Baltimore officials arranged overnight accommodations for the overflow of city homeless last night as the temperature dipped near the freezing mark and shelters began to fill.
Joanne Selinske, director of the Mayor's Office on Homeless Services, said today that an Urban Services Center in the 1500 block of E. North Ave. was opened last night for people turned away from the city's 42 other shelters.
"We had light refreshments for them and will have something heartier beginning tonight," she said.
A special Mass Transit Administration bus, staffed by city workers, picked up homeless people and took them to various locations around the city, she said.
The temperature was 34 degrees at 6 a.m. in the city and the upper 20s in the suburbs, according to the National Weather Service.
After some advocates for the homeless questioned the lack of a city homeless plan two weeks into November, Mayor Kurt L. Schmoke said he was willing to open a city building for extra shelter for the city's 2,400 people who are homeless each night.
"Because the beds weren't up and running [at all the shelters]," Selinske said, the city had to open the Urban Services building.
Selinske said city buildings are opened to back up shelters when temperatures fall below 32 degrees Fahrenheit and when freezing rain, snow, ice or gusty winds increase the wind-chill hazard.
This would be the third winter the city has provided its "no turnaway" policy for the homeless, by increasing the number of available emergency beds, she said.
Last year, the city's homeless plan went into effect on Nov. 9, Selinske said.

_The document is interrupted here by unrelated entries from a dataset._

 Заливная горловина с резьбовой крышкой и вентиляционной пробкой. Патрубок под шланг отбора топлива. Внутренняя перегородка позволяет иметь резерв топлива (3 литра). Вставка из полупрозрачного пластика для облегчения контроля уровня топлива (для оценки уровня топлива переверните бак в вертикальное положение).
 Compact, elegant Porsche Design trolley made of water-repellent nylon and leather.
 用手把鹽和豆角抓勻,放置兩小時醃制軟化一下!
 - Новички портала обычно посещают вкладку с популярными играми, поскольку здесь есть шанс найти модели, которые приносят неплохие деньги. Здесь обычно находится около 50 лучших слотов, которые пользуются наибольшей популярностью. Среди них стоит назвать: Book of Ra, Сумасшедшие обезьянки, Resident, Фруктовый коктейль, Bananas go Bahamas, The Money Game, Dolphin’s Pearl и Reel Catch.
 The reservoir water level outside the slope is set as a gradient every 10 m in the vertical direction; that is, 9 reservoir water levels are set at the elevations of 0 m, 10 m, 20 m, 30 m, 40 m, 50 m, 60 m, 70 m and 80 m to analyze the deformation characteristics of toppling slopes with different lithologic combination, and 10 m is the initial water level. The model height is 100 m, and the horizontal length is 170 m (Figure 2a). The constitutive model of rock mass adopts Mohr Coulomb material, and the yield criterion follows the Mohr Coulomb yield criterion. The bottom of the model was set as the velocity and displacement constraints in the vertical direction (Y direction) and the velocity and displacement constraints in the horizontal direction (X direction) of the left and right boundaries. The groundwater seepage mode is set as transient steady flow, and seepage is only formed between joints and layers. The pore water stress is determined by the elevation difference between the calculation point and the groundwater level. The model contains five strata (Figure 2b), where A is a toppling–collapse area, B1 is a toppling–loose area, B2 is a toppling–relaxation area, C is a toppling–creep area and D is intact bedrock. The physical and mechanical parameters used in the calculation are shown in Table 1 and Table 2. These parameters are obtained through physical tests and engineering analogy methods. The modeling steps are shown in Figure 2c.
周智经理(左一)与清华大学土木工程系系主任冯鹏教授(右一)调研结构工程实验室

Recently, the city had been criticized for delaying implementing this winter's plan.
"People have a misimpression that the [winter] plan is all city government services," Selinske said. "In fact, the plan is an array of services provided by a number of agencies that are coordinated by the city."

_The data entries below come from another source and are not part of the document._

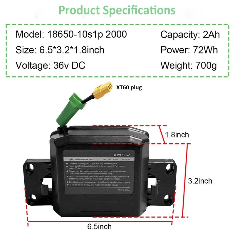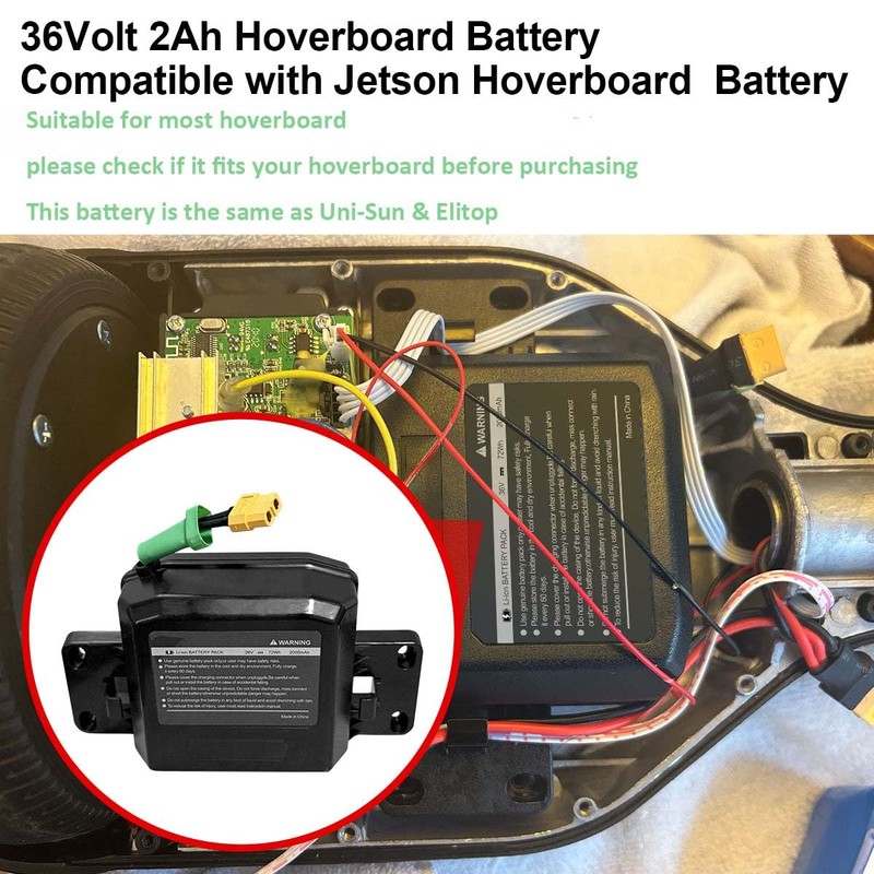- Precise Compatibility: Dimensions: 6.5 x 3.2 x 1.8 inches. Plug is XT60 female, Designed specifically for 36V 2Ah 72Wh hoverboards, Compatible with Jetson Hoverboard Battery, this replacement battery ensures perfect fit and seamless integration with your device. Check the battery size and voltage to ensure compatibility before purchase.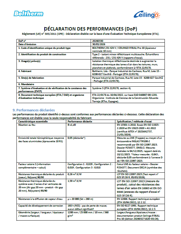 Réaction au feu, DoP, essais (emissivité et facteur solaire), rapport de résistance thermique, fiche produit.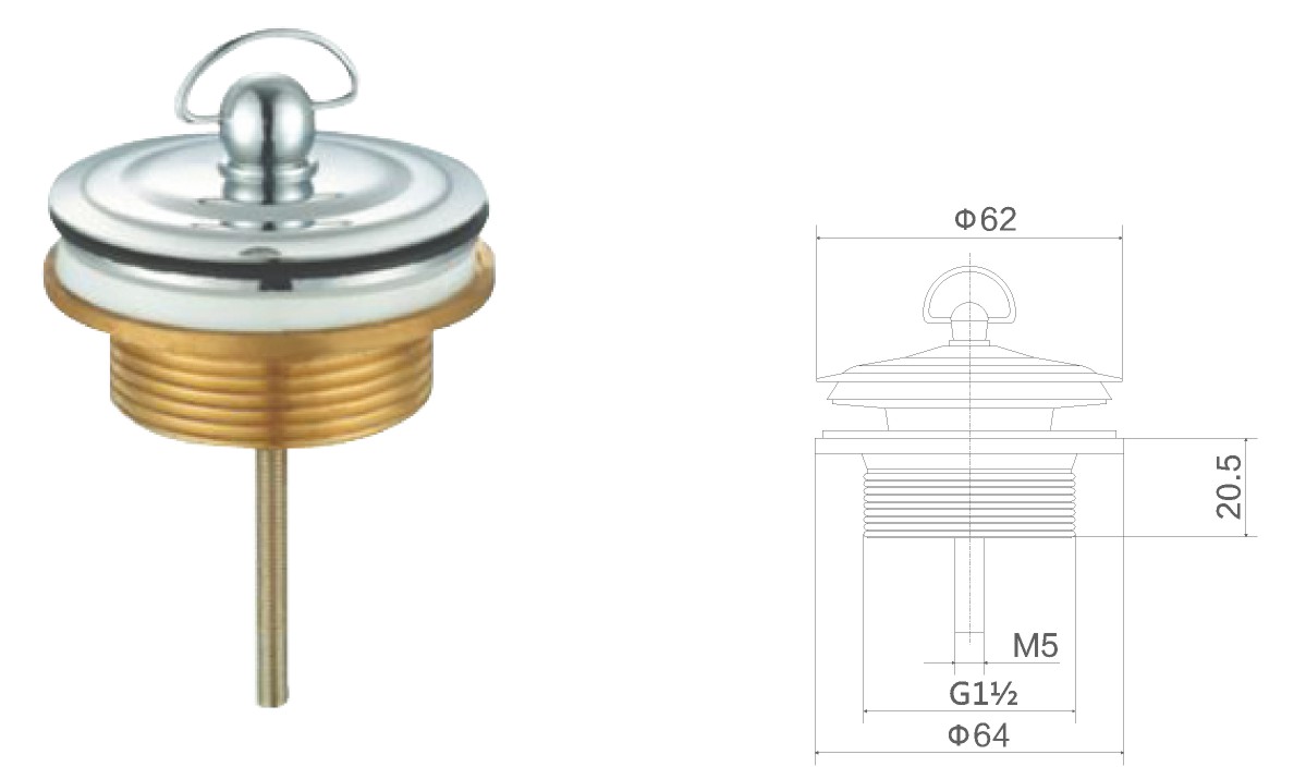 Stainless steel water for wash basin 1 1/4" clic-clac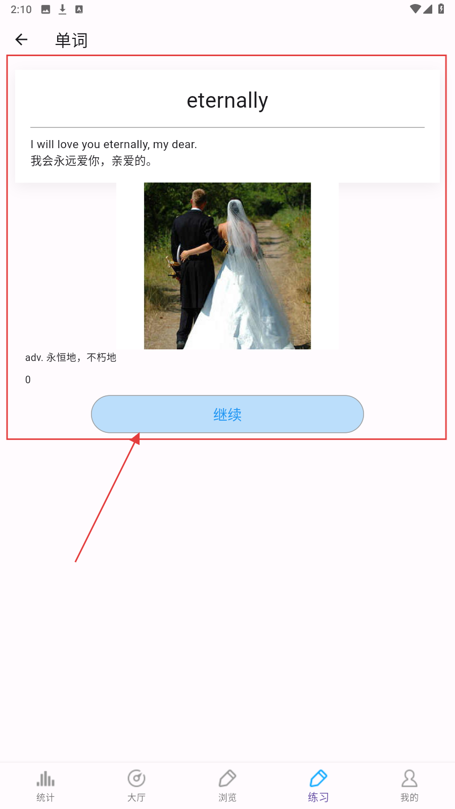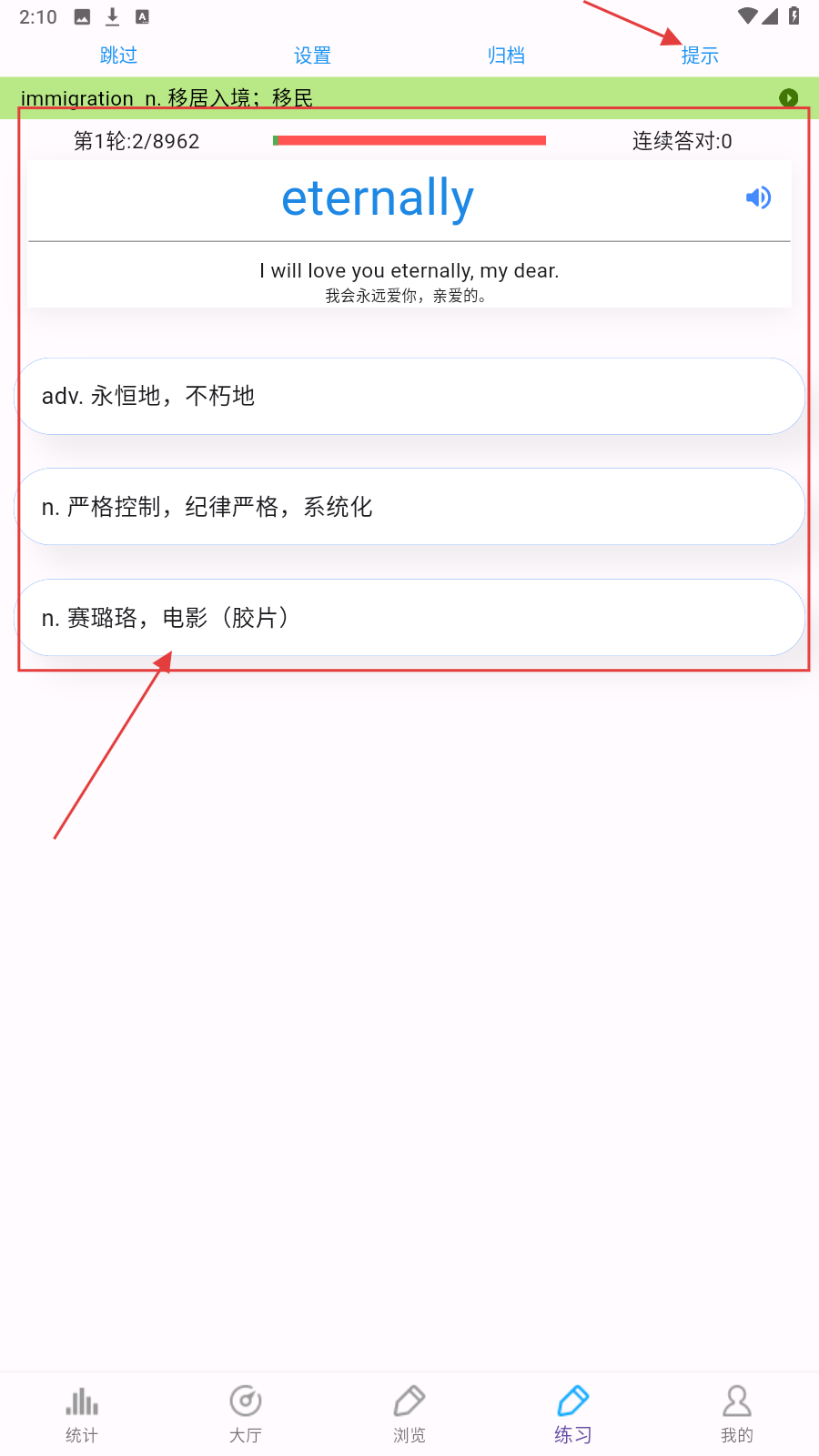 1、进入【练习】,遇单词题(如【eternally】),选正确词义,如若不会点击【提示】按钮。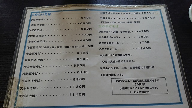 大もりと大ざるです。大盛は50円増なのでお得。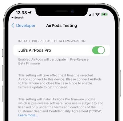 Apple 於 2021 年 7 月開始提供 AirPods Pro 的測試版固件,該軟件可供 Apple Developer 計劃成員使用。

The special MTA bus, also part of the plan, was originally scheduled for Nov. 19, she said. Next Monday, the Salvation Army will staff the bus, she added.
Other parts of the plan also are to take effect Monday as several city shelters open their expanded space for the winter. On Dec. 1, additional shelters will be opened.

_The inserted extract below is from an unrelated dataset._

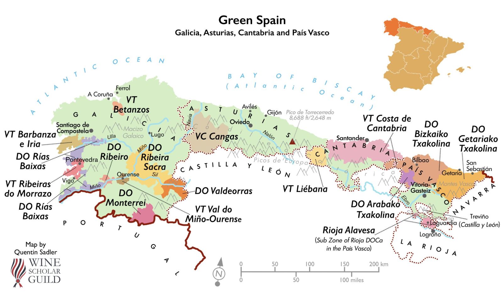 This map provides a detailed overview of Green Spain's prominent wine regions, covering Galicia, Asturias, Cantabria, and País Vasco. It meticulously delineates the diverse Denominaciones de Origen (DO) and Vinos de Calidad con Indicación Geográfica (VC), highlighting the unique viticultural areas from the cool, verdant northwestern corner of Spain. The map has been designed to complement the educational content of the Spanish Wine Scholar® program, the industry's most respected certification on the wines of Spain.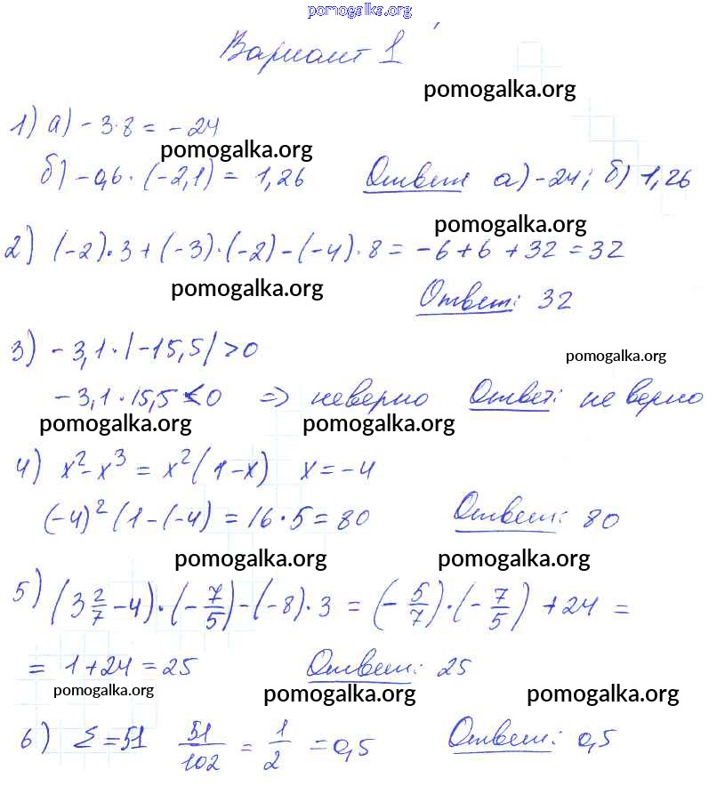 Готовые ответы - Математика 6 класс дидактические материалы Попов М.А. ( к новому уч. Виленкина Н.Я.) - ср-31. вариант самостоятельная работа 1

Selinske said the American Rescue Workers, a year-round shelter, on Nov. 1 began providing 17 extra beds for the winter.
The city provides nearly $6 million a year for homeless programs and services from city, state and federal funds, Selinske said.
Selinske said 44 citywide shelters provide 1,250 beds for people in emergency and transitional cases. Some churches also unofficially serve as shelters.
As an example of its preparation, the city plans to distribute thousands of "street cards" to the homeless so they'll be aware of shelters, she said. The cards will have names and locations.
Yesterday afternoon, members of City Advocates Serving the Homeless (CASH) met with 10 City Council members, including Council President Mary Pat Clarke, to discuss shelter for the homeless.
CASH members got pledges of support from council members to push for some solution to what the advocates say is a lack of beds and shelters. The participants decided to meet again Friday to begin work on setting up a summit on the homeless situation.
Clarke said she hopes such a summit will find ways to increase the number of beds despite the city's fiscal problems and to improve neighborhood acceptance of homeless shelters.